• **DATA SHOWN**
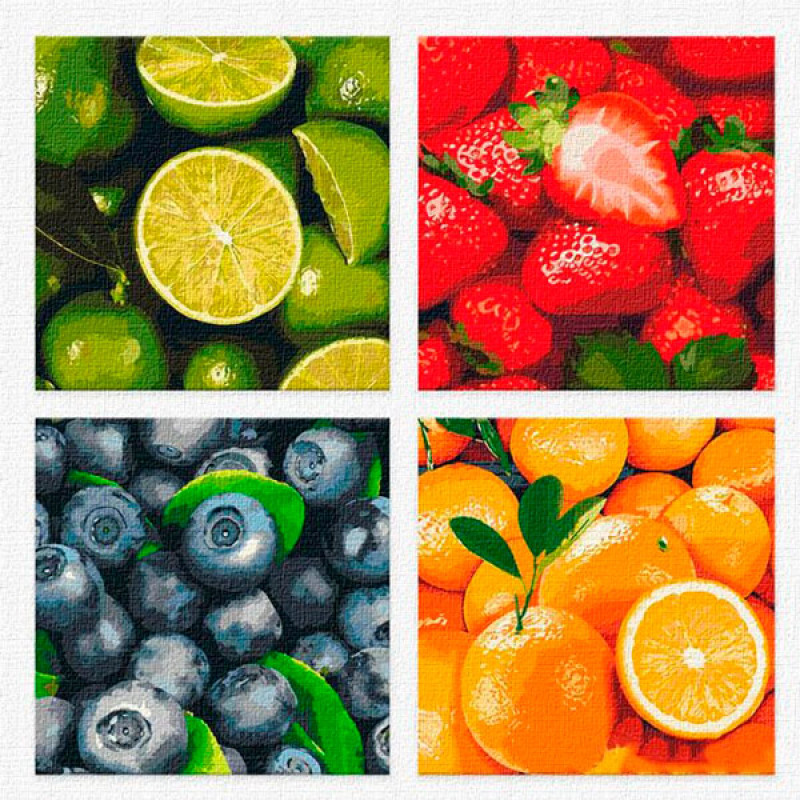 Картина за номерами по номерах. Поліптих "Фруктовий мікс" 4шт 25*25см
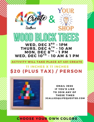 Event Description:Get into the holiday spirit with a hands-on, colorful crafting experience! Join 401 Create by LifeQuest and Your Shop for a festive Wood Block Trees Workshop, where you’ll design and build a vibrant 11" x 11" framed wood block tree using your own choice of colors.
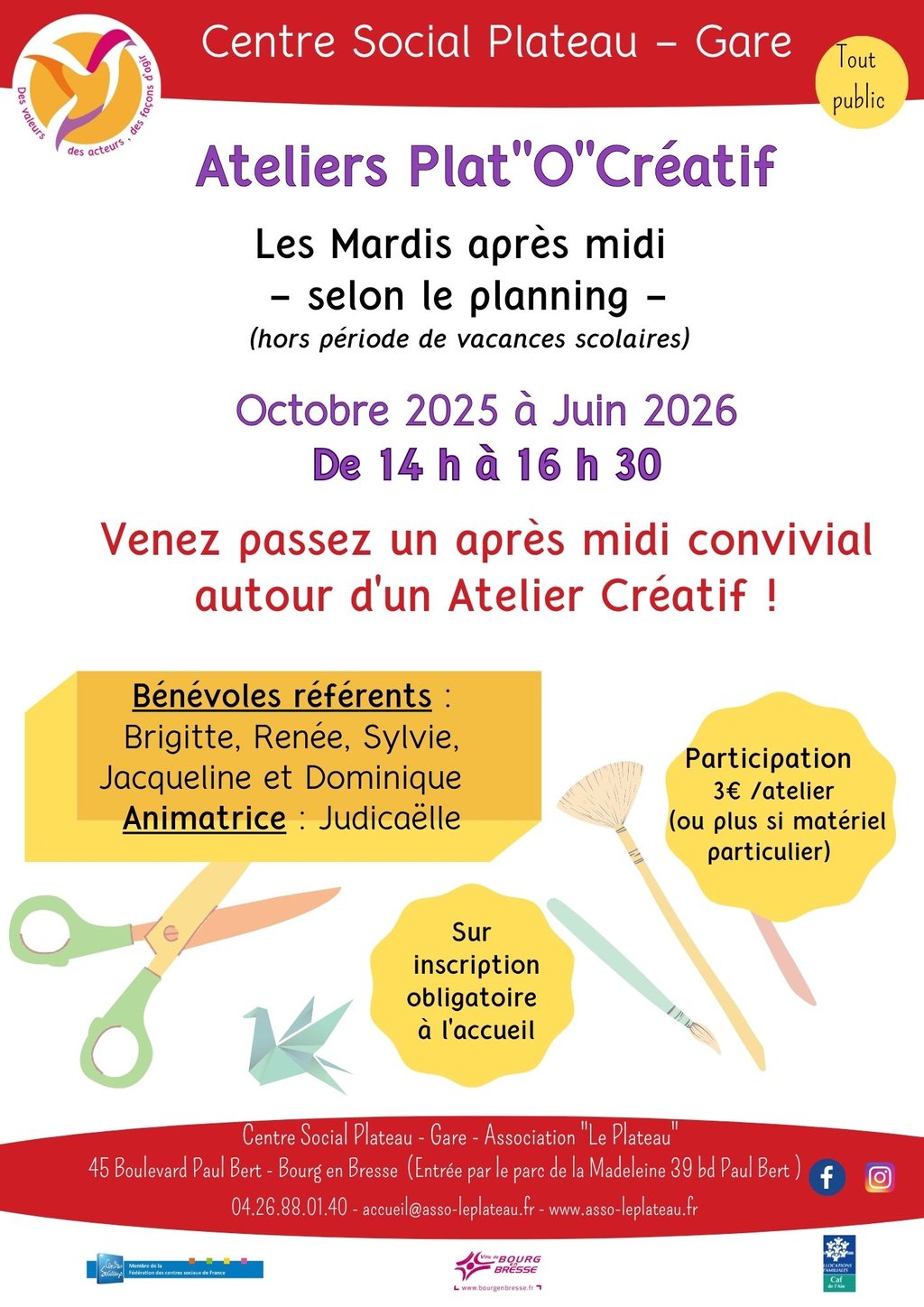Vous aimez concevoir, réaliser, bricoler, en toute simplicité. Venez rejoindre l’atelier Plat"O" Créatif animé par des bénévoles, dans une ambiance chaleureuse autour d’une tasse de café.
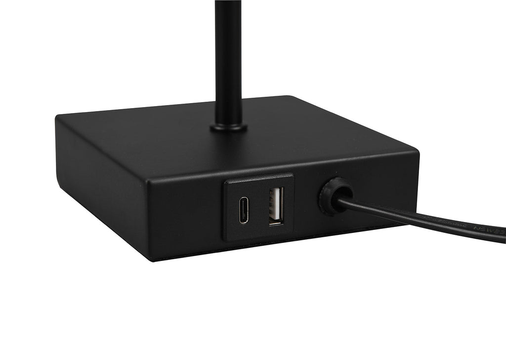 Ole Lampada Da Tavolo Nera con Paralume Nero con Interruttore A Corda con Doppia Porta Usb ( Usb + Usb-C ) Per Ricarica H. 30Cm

• **WHAT YOU HAVE TO DO**
Without the pictures, write out all of the material exactly.

• **REPLY TO THE EXERCISE**
 Картина за номерами по номерах. Поліптих "Фруктовий мікс" 4шт 25*25см
 Event Description:Get into the holiday spirit with a hands-on, colorful crafting experience! Join 401 Create by LifeQuest and Your Shop for a festive Wood Block Trees Workshop, where you’ll design and build a vibrant 11" x 11" framed wood block tree using your own choice of colors.
Vous aimez concevoir, réaliser, bricoler, en toute simplicité. Venez rejoindre l’atelier Plat"O" Créatif animé par des bénévoles, dans une ambiance chaleureuse autour d’une tasse de café.
 Ole Lampada Da Tavolo Nera con Paralume Nero con Interruttore A Corda con Doppia Porta Usb ( Usb + Usb-C ) Per Ricarica H. 30Cm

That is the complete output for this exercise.